Date: 16 January 2017

Attribution: adapted from source materials by David Benkeser

I. Introduction

This document provides a brief introduction to a few of the core constructs of the R language and environment for statistical computing. These will be necessary for the first laboratory assignment and will be staples that you will rely on throughout the course.

In [52]:
options(repr.plot.width = 4, repr.plot.height = 3)  ## resizing plots
options(scipen = 999)  ## has scientific notation ever annoyed you?
In [54]:
# packages for project management
library(usethis)  # commonly used package components
library(here)  # set paths relative to a .Rproj file
Attaching package: ‘usethis’

The following objects are masked from ‘package:devtools’:

    use_appveyor, use_build_ignore, use_code_of_conduct, use_coverage,
    use_cran_badge, use_cran_comments, use_data, use_data_raw,
    use_dev_version, use_git, use_git_hook, use_github,
    use_github_links, use_gpl3_license, use_mit_license, use_news_md,
    use_package, use_package_doc, use_rcpp, use_readme_md,
    use_readme_rmd, use_revdep, use_rstudio, use_test, use_testthat,
    use_travis, use_vignette

here() starts at /Users/nimahejazi/Dropbox/UC_Berkeley-grad/teaching/tlbbd-labs/lab_01

Let's take a moment to see why we'd use something like here:

While usethis is not a necessity (unlike here), it does make life a lot easier

In [1]:
# some more data-oriented packages we'll use
library(tidyverse)  ## core tools for "tidy" data science
library(skimr)  ## take a deeper look at your data
Attaching package: ‘skimr’

The following objects are masked from ‘package:dplyr’:

    contains, ends_with, everything, matches, num_range, one_of,
    starts_with

II. Simulating data

A big part of what we statisticians do is based on simulating data. You just came up with a method that, in theory, is brilliant/elegant/the-best-thing-since-sliced-bread, but you need to illustrate that the method actually works well in practice. For example, your theoretical results may be based on the assumption of a large sample size and you want to investigate how well the method performs when the sample size is modestly small. Providing such information can help convince readers that your method is in fact a good idea. Simulations can also be helpful for showing when a method breaks down, which is something reviewers also like to see.

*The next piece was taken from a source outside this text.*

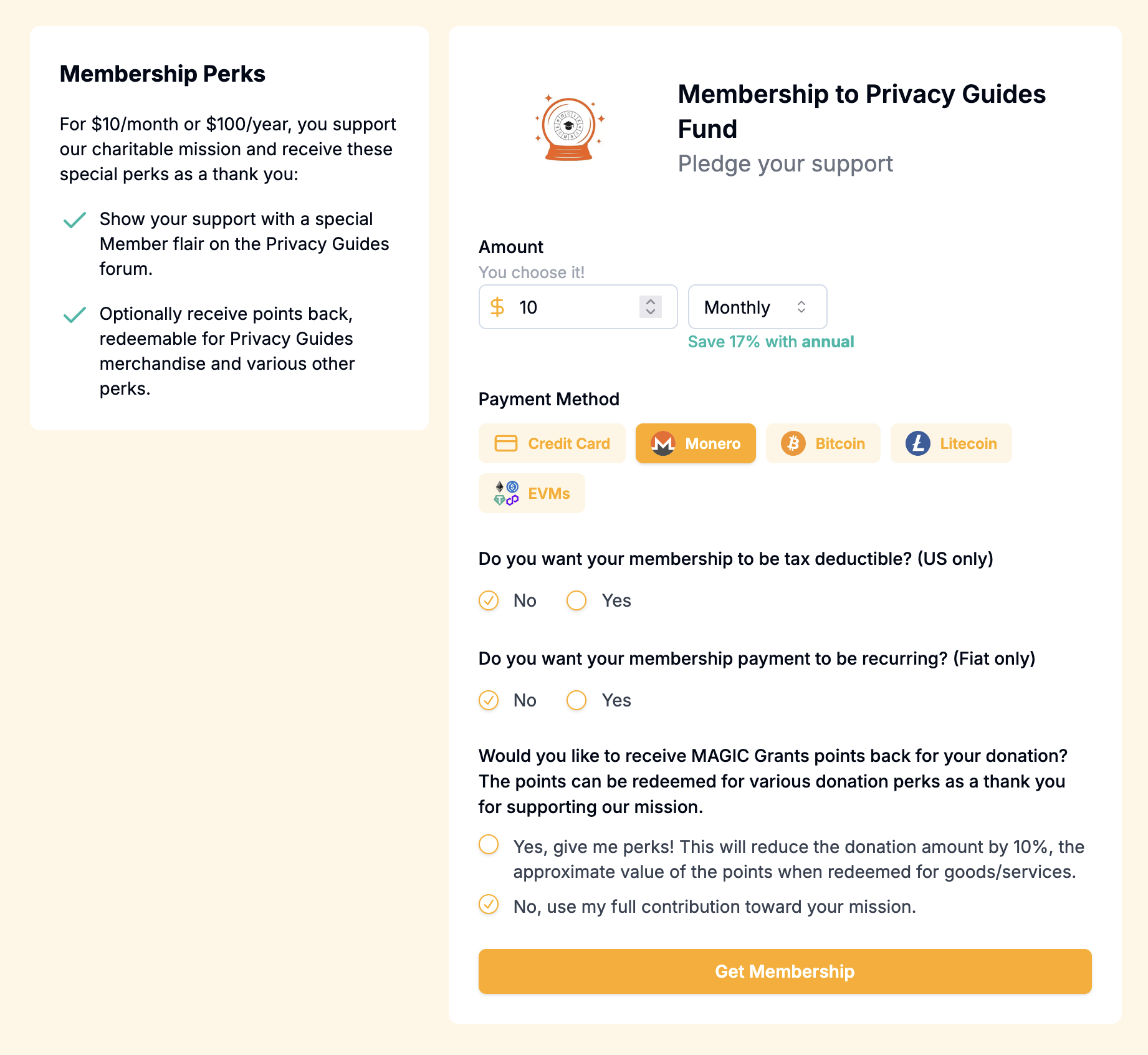 If you register at https://donate.magicgrants.org/privacyguides/membership you can pay with:

To accomplish these tasks, we need to create a data generating experiment where we know the truth so that we can benchmark our method by it. Let's start with a very simple example. Our simulated experiment enrolls n=100 subjects and measures an outcome $Y$ on each subject. Suppose that we want to know how our method performs when $Y \sim N(0,1)$.

In [3]:
# we're simulating -- it's important to set the seed for the PRNG
set.seed(3724591)  ## note something like '5' is a BAD seed, it might be worth reading about PRNGs

# simulate 100 draws from a normal distribution.
Y <- rnorm(n = 100, mean = 0 , sd = 1)

# we'll use skimr::skim to take a look at y
skim(Y)
typestatlevelvalueformattedvariable
numeric missing .all 0.000000000 Y
numeric complete .all 100.00000000100 Y
numeric n .all 100.00000000100 Y
numeric mean .all -0.13230679-0.13 Y
numeric sd .all 1.028382321.03 Y
numeric p0 .all -2.27469359-2.27 Y
numeric p25 .all -0.78641356-0.79 Y
numeric median .all -0.07902102-0.079 Y
numeric p75 .all 0.622997590.62 Y
numeric p100 .all 1.972016081.97 Y
numeric hist .all NA▃▂▅▇▇▇▃▂ Y

The above code chunk illustrates several important R functions.

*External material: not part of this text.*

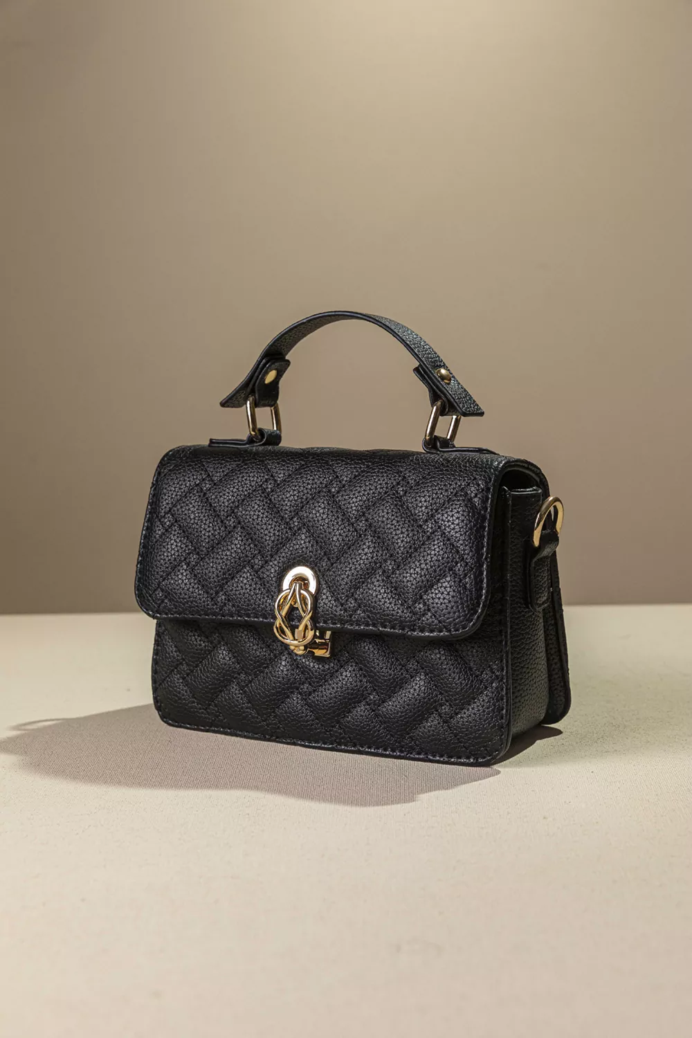 • Τριθέσια κομψή τσάντα χειρός με καπιτονέ υφή και χρυσό εντυπωσιακό κλείσιμο.

  • First is rnorm, which simulates n observations from a standard Normal distribution with mean = 0 and standard deviation sd = 1.
  • We also illustrated several functions that are useful for ensuring that the data were created properly.
  • The function skim from the skimr package provides a catch-all way to take a look at some important properties of a data set (in this case, just a vector). We can see that we received information about the quantiles (just like summary would provide), in addition to missingness/completeness, and even a histogram!

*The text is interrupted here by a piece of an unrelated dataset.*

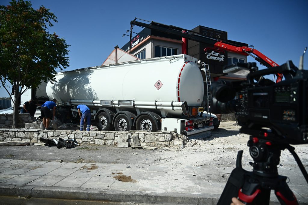 Βυτιοφόρο που τα ξημερώματα συγκρούστηκε με ΙΧ ,στο Μενίδι προκάλεσε ζημιές σε ιχθυοπωλείο, γκρέμισε κολώνα ηλεκτροφωτισμού, παρέσυρε στέγαστρο και κατέληξε σε μάντρα αυτοκινήτων, με πρόσκρουση που «σαν από θαύμα δεν προκάλεσε διαρροή καυσίμων», όπως είπαν αυτόπτες μάrτυρες στο ΕΡΤΝews.
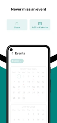 NEVER MISS AN EVENT The event section shows a list of events throughout the district. Users can add an event to their calendar to share the event with friends and family with one tap.

Now, let's move on to visualizing our data. We'll do this with ggplot2, a modern graphics engine that is an implementation of the Grammar of Graphics.

In [14]:
# let's take a closer look at the histogram of Y
p1 <- gather(as_tibble(Y)) %>%
  ggplot(., aes(x = value)) +
  geom_histogram(aes(y = ..density..))
p1
`stat_bin()` using `bins = 30`. Pick better value with `binwidth`.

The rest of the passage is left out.